Spotlight on Data: Machine Learning in Production at Google Scale with Todd Underwood
Published by O'Reilly Media, Inc.
Making machine learning reliable
Watch the video recording of this event.
You can propel your business forward with AI-centric approaches to solving customer needs, but to be successful, you need to deploy your machine learning models at scale. Yet engineers face unique challenges when using machine learning-based products in production environments, such as specialized resource management and measuring user happiness.
Join us for this edition of Spotlight on Data as Todd Underwood, Google’s director and lead for machine learning in site reliability engineering (SRE), explains how to sustainably run machine learning systems at scale. You’ll learn why machine learning is essential to Google’s core functions, providing key advantages across most of Google’s products, including Search, Ads, Payments, Billing, Shopping, and more, and how SRE supports these production machine learning systems. You’ll also discover how the company is working to democratize access to AI by making machine learning technologies available to customers via its Cloud AI products.
O’Reilly Spotlight explores emerging business and technology topics and ideas through a series of one-hour interactive events. You’ll engage in a live conversation with experts, sharing your questions and ideas while hearing their unique perspectives, insights, fears, and predictions for the future.
In every edition of Spotlight on Data, you’ll learn about, discuss, and debate the tools, techniques, questions, and quandaries in the world of data. You’ll discover how successful companies leverage data effectively and how you can follow their lead to transform your organization and prepare for the Next Economy.

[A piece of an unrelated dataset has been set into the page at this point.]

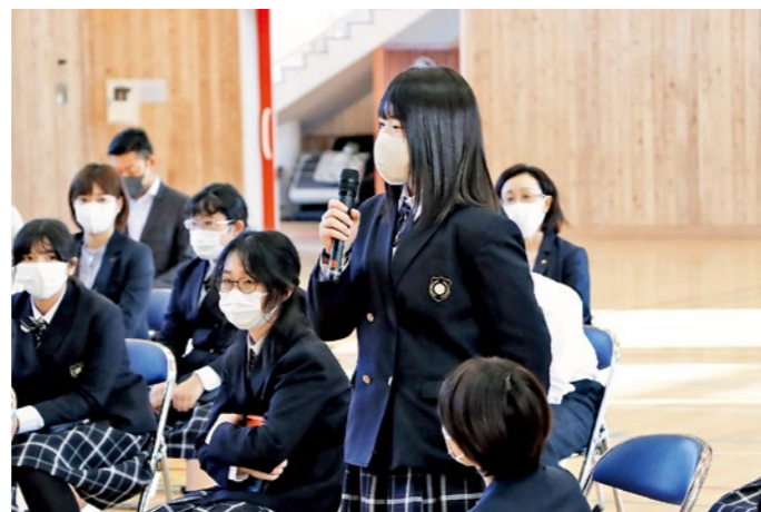
児童たちが「くにみ学園」に対する思いを発表しました

短い時間ではありましたが、次々に児童たちが発表する様子が見られるなど、くにみ学園に対する興味関心の高さを感じられたタウンミーティングとなりました。

What you’ll learn and how you can apply it
- Key considerations for deploying your machine learning models and services at scale
- How SRE can best support production machine learning systems
This live event is for you because...
- You're an engineer or other technical contributor to machine learning projects, and you need to know how to scale and support your services in production environments.
Prerequisites
- Come with your questions for Todd Underwood
- Have a pen and paper handy to capture notes, insights, and inspiration
Recommended follow-up:
- Read AI and Analytics in Production (report)
- Read Machine Learning Logistics (report)
- Take Deploying Machine Learning Models to Production (live online training course with Armen Donigian)
- Explore Google ML Crash Course (online training)
Schedule
The time frames are only estimates and may vary according to how the class is progressing.
Monday, August 5, 2019, at 9:00am PT / 12:00pm ET
- Introduction and presentation (15 minutes)
- Interactive discussion and Q&A (45 minutes)
Your Guest
Todd Underwood
Todd Underwood is a site reliability engineering director at Google in Pittsburgh, leading several teams of engineers working on machine learning, Ads, Payments, Billing, Shopping, and data center and cluster infrastructure. Todd’s expertise includes distributed systems, especially for machine learning and AI pipelines, and he has a background in systems engineering and networking. He’s presented work on the future of systems and software reliability engineering at LISA13, LISA16, and SREcon EU15. He’s coauthor of a chapter in the O'Reilly Site Reliability Engineering book and has published a paper in USENIX’s ;login: magazine. Todd has presented work related to internet routing dynamics and relationships at NANOG, RIPE, and various internet interconnection meetings and was previously chair of the NANOG Program Committee and the RIPE Programme Committee.